В античной комедии намечен также богоборческий (ст.1190) и тираноборческий (ст.1075) пафос птичьего города-утопии, который будет мешать небожителям питаться чадом от жертвоприношений (ст.1519). Новое поселение в романе Яхиной также основано на атеизме, хотя в восточной поэзии звучит тема богоискательства.

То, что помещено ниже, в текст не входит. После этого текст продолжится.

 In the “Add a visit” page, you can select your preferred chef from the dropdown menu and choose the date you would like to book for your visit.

Аристофан травестирует мотивы гипотетической праосновы («праматери») поэм Аттара и Навои, варьируя тему встречи с Симургом или Абсолютом. Античная комедия завершается примирением с богами. Греческие птицы встречаются с небожителями на свадебном пире, на котором угостят их собой, то есть тушками «репрессированных» птиц. Небожители, принимающие кровавые жертвоприношения, подобны демонам. Это примирение на крови и радость на страдании. Это апокалиптический антихристов пир, травестирующий встречу в Абсолютом в художественном мире Аттара и Навои.

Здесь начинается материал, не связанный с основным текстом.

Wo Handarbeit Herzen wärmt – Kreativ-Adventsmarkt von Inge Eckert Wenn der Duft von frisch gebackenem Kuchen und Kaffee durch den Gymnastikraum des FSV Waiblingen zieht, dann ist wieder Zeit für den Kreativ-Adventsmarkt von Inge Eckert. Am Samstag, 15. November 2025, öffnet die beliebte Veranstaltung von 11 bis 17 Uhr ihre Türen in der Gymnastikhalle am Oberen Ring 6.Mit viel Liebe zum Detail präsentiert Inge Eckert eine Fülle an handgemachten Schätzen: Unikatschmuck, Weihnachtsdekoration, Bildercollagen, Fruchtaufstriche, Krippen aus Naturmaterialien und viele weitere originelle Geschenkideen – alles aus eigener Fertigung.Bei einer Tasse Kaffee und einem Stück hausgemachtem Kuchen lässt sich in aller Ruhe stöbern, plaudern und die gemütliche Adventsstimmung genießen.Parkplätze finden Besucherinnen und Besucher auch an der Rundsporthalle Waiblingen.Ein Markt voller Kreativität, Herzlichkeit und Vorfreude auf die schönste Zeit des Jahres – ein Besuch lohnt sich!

Оба поэта разрабатывают сюжет прохождения испытаний и взыскания Творца. И у Навои в поэме «Язык птиц» (1499), и у Аттара одна из долин (стоянок) названа в честь любви. Преодолевая чисто земную любовную страсть, приравниваемую к суфийскому заблуждению как этапу на пути к истине, птицы вслед за шейхом Санааном (у Аттара) или Сананом (у Навои) восходят к постижению Бога, поэтому в романе Гузели Яхиной также заложен запрет на земную любовь Зулейхи и Игнатова. Если в обоих поэмах и утверждается любовь, то это любовь сакральная, высшая, которой нужно принести в жертву любовь земную, увядающую быстро, как роза (ср. историю соловья у Навои). Сюжетно, а не онтологически, запрет на любовь долгое время держится, во-первых, потому, что Зулейху шокирует, что убийца мужа смотрит на нее глазами мужа (этот мотив, кстати, звучит и в романе Кретьена де Труа «Рыцарь со Львом», где Ивэйн убивает охраняющего лесной ключ рыцаря Эскладоса и берет в жены его вдову Лодину, - почти так же поступает Эдип; словом, мы столкнулись в романе с воскресшим архетипом матриархата – с борьбой за женщину-первопредка). Во-вторых, запрет вновь воскресает, так как тяжело заболевает сын Зулейхи Юсуф. Мать осмысляет болезнь как следствие своего греха и как вину перед сыном, которая едва не убила ребенка. Идея греха есть и в мусульманстве, но она соотнесена в большей мере с идеей справедливого возмездия, а не чуда покаяния и прощения. Трудности долины любви преодолеет лишь способный пламенеть доводящей до безумия божественной любовью.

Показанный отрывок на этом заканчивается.